Put lighters and matches safely out of sight and reach. Most young children do not actively search for ignition materials like lighters and matches. They do not climb up on the kitchen counter to get the matches from the top shelf. Most often when children are found with matches or lighters, these tools have been left out on the kitchen counter, a coffee table or a night stand. Just putting them out of sight and out of reach greatly reduces the risk children will find and play with them.Putting matches and lighters out of sight and out of reach is easy to say but not always easy to do. Most families have several lighters, multiple packs of matches, or both. The first step in safe storage is to collect all matches and lighters, put them in one place, and then work hard to always put them back after each use.For maximum safety, use only lighters with a child-resistant mechanism. While not child-proof, they greatly reduce the chance that a young child will be able to ignite them.Read more on safe storage of lighters and matches.
Make children part of family fire safety.
Talk to your children, including preschool children, and tell them that everyone in the family has an important job to do.
Several activities are offered online to help you communicate this message and teach this technique to your children or grandchildren:
Be aware of how you use fire around your children.
While it is critically important to tell your children that matches and lighters are adult tools only, just telling them is not enough. You must model safe behavior. Leaving a stove, campfire, grill or candles unattended not only creates an immediate hazard, but suggests that fire and these fire tools do not need to be treated with great care. So please, treat everything associated with fire, matches, lighters, candles, cooking and campfires, with care and respect. Use them as they were intended to be used and safely store tools when you are finished.
Supervise children at home as well as outside.
It’s not possible for you to be in the same room with your children, or even to watch what they are doing, every waking minute of every day. What most of us do at home is check in periodically, and in-between those check-ins, we listen.
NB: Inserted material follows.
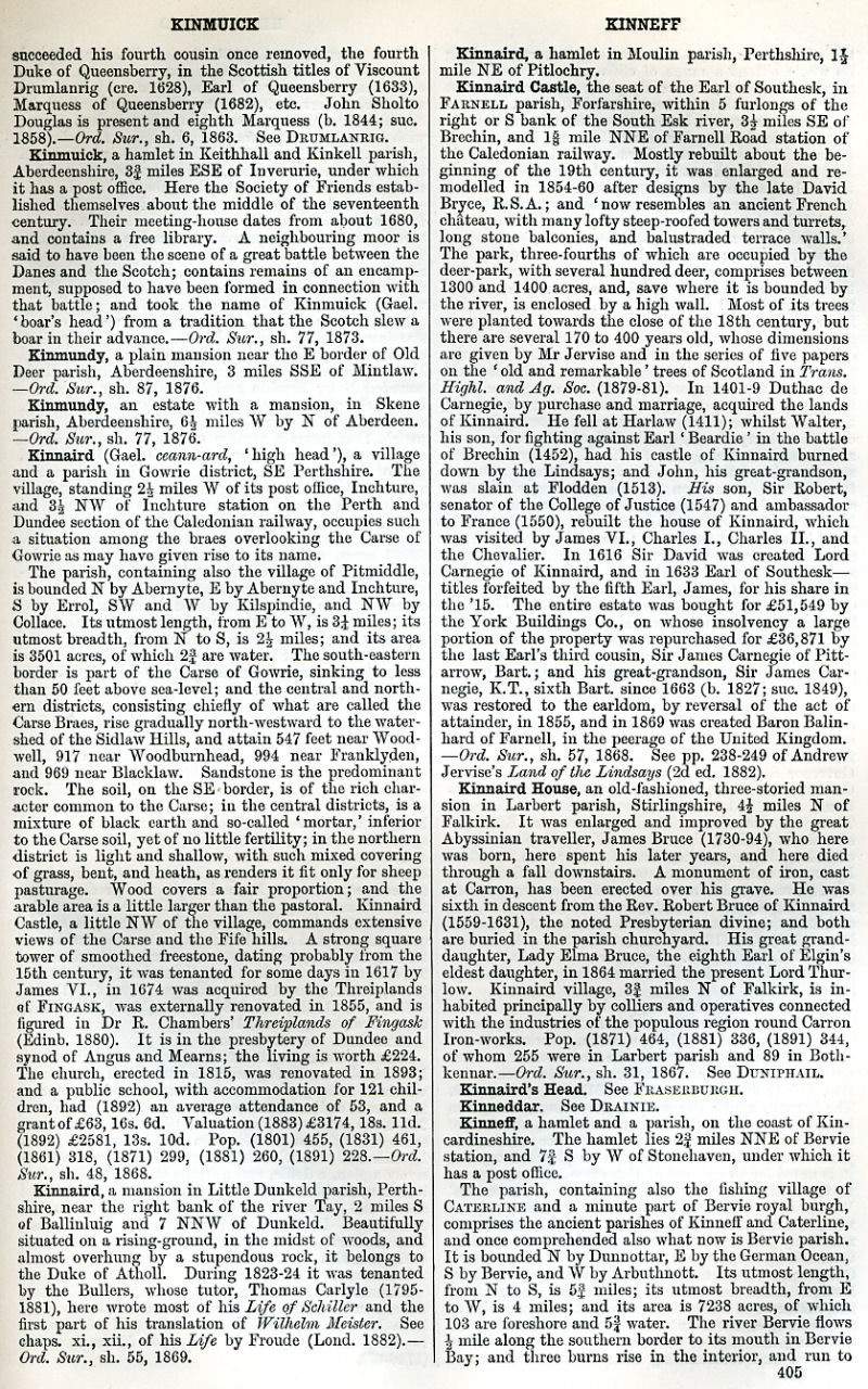 Kinmmuick, Kinmundy, Kinnaird, Kinnaird Castle, Kinnaird House, Kinnaird's Head, Kinneddar, Kinneff

We listen to the tapping, humming, strumming and chatter that usually accompanies children’s play. And when it gets quiet, we know something has changed. We wonder if they are “up to something” and we check on them again. This is an effective and appropriate way to make sure your children are not playing with lighters or matches that may have been left out, especially if you only use lighters with child-resistant mechanisms. The child-resistant mechanism can slow down children’s experimentation long enough for an adult to intervene.
Unfortunately, this effective “listening link” can be forgotten. We can become too involved in talking on the phone, doing the laundry, cooking or other activities to notice that children have become very quiet or that too much time has passed since the last check-in. Sadly, many home fires that are started by children are started when an adult is home. Appropriate adult supervision is more than just being home with children, it’s being aware of what they are doing at all times.